While no further report was received from the airplane after it reported over the Herndon fan-marker, [4] a number of witnesses living near the scene of the accident testified that they saw an airplane within the last few minutes prior to the crash [5] which they believed to be the one which was involved in it.

Mrs. Dorothy Everhart testified that she was on the back porch of her home just south of Lovettsville and approximately 3½ miles east of the scene of the accident when she saw an airplane proceeding normally in a northwesterly direction toward Short Hill, the northern portion of which was at that time obscured by dark storm clouds. She was looking in a southwesterly direction when she saw the airplane and she watched it proceed directly toward the storm. She stated that she was momentarily blinded by the brilliance of a lightning flash "just a little bit ahead" of the airplane and lost sight of it. Shortly thereafter she heard a "low rumble" of thunder and after a few seconds an "awful roaring". She testified that airplanes passed in the vicinity of her home quite frequently and that this one was "lower than most of them go". As she watched the airplane she did not hear its motors but she was sure that the "awful roar" which she had heard after the lightning flash and the rumble of thunder was the sound of the airplane. She further testified that at the time of this occurrence it was not raining at her home but that shortly thereafter the storm which had been in the vicinity of Short Hill "came on over". She described it as a very bad storm with lightning, some thunder, and extraordinarily heavy rain, but no wind. She testified that when she first saw the airplane the black clouds ​ obscured the mountains to the west and northwest but that she could see blue sky toward the south.

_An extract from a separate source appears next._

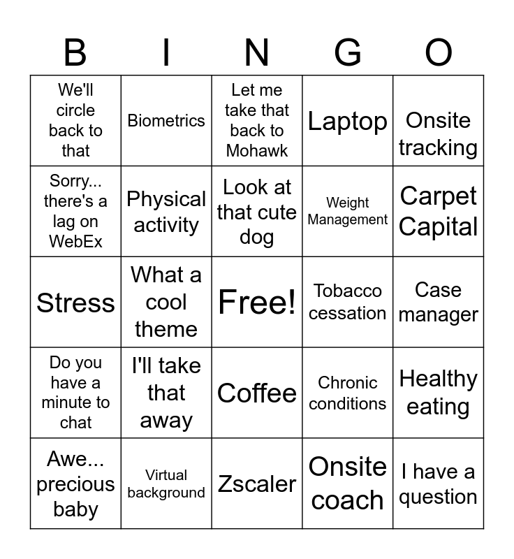 This bingo card has a free space and 24 words: I'll take that away, Virtual background, Look at that cute dog, Awe... precious baby, Onsite tracking, We'll circle back to that, Sorry... there's a lag on WebEx, Biometrics, Tobacco cessation, Coffee, Weight Management, Stress, Chronic conditions, Healthy eating, Physical activity, Onsite coach, Case manager, Let me take that back to Mohawk, Carpet Capital, What a cool theme, I have a question, Do you have a minute to chat, Laptop and Zscaler.

After the hearing investigators for the Board further questioned [6] Mrs. Everhart as to the weather conditions during that day prior to the accident. She stated that the sun had been shining off and on during the forenoon and early afternoon at her home but that the sky was overcast when she saw the airplane pass. Mrs. Everhart testified that another stroke of lightning had preceded the one she saw while watching the airplane and she believed that the former had struck the chandelier in one of the rooms of her home. After this had occurred, she turned off the electricity in the house and went out on the back porch. She said that it was while she was on the back porch that she saw the airplane and the flash of lightning which blinded her. With the assistance of the investigators as described in Footnote 7 she estimated that the time intervening between the second lightning flash and the ​ beginning of the "roaring noise" was 7 seconds. The point designated by her as the one at which she had seen the airplane just before she was momentarily blinded by lightning was 3½ degrees above the horizontal on a bearing of 255 degrees magnetic.

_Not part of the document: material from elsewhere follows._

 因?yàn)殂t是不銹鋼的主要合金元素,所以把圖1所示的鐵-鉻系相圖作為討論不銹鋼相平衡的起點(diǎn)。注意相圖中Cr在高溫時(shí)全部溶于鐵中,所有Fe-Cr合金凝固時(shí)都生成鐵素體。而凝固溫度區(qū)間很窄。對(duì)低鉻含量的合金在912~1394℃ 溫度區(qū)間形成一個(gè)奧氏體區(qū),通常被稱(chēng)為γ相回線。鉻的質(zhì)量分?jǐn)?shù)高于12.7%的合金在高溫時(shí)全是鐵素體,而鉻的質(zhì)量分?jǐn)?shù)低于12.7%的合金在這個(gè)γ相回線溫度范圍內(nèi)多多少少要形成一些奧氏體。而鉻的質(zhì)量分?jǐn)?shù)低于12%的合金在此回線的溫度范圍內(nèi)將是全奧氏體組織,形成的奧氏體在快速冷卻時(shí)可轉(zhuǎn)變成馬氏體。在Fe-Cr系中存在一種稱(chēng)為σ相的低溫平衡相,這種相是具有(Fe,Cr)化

Mr. Carroll McGaha testified that he and his son were standing in the yard of their home located 4¼ miles southeast of the scene of the accident and approximately 4 miles to the right of the on course signal of the northwest leg of the Washington radio range when they observed an airplane pass over flying in a northwesterly direction. He stated that the airplane was proceeding normally at about the altitude at which he usually observed transport airplanes pass over flying in a northwesterly direction. His attention was particularly attracted to the plane because it was proceeding directly toward the dark storm clouds then in the vicinity of Short Hill. As the airplane approached the storm he saw a sharp "streak of lightning" which appeared "directly ahead" and "in line" with the airplane and saw the airplane go "straight down". After starting down, the witness stated that the plane "made a roar" which was distinctly heard by him and his son at the point where they were standing. After the roar had stopped, he heard a "rumble" of thunder. He then ran to the back of his farm, thinking that the airplane had crashed there.

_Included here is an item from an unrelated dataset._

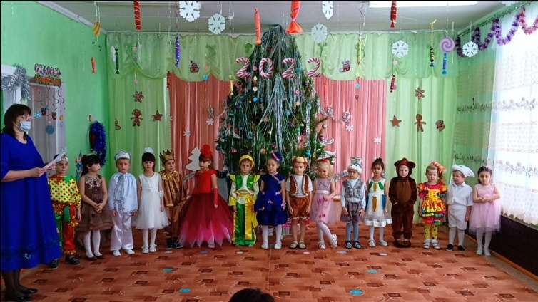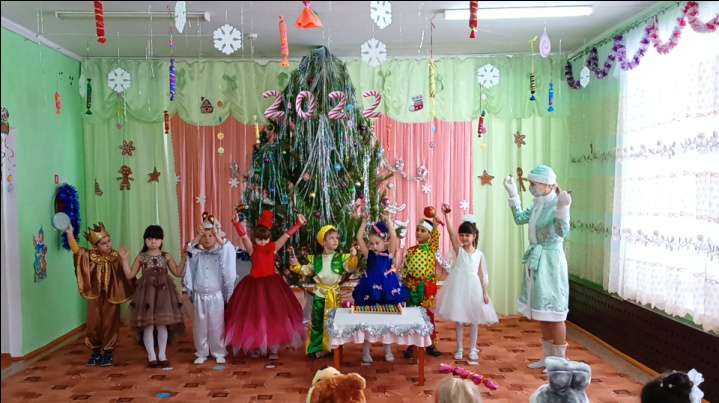 Новый год - это самый волшебный, весёлый праздник, которого дети ждут, веря в сказку и чудо. В старшей разновозрастной группе: «Мотылек» прошёл новогодний утренник "Сладкая страна". Красиво украшенный зал, нарядная ёлочка, подарки, Дед Мороз и Снегурочка, ожидали детей. Ребята погрузились в мир чудес, приключений, невероятных превращений и сюрпризов. Дети отправились в путешествие превратившись в сладких героев: «Принцесса Карамелька и Принцесса Мармеладка, Принц Чай, Принц Зефир, Принцесса Шоколадка и другие сладости.» Дошколята танцевали, пели песни, читали стихотворения, водили хороводы, играли в оркестре, с удовольствием веселились. Дети получили массу положительных эмоций и долгожданные подарки из рук Деда Мороза и Снегурочки!

Investigators for the Board again questioned Mr. McGaha at his home some time after the hearing and he explained in more detail his observation of the action of the airplane immediately following the lightning flash. He stated that the airplane seemed to go straight down until it passed from his view behind corn growing on a knoll located between the point where he was standing and that at which the airplane struck the ground. He said that he could see the flat surfaces of the wings and the tail above them. In answer to questions asked by the investigators he also stated that the sun had been shining at his place late in the morning of the day of the accident, but ​ that a little after 2:00 or 2:15 p.m. black clouds gathered in the northwest, heavy rain appeared to be falling there, and the sky overhead became overcast to a point just east of his home. Although the rain storm approached within ¼ mile, the witness stated that there was no rainfall at his house that afternoon.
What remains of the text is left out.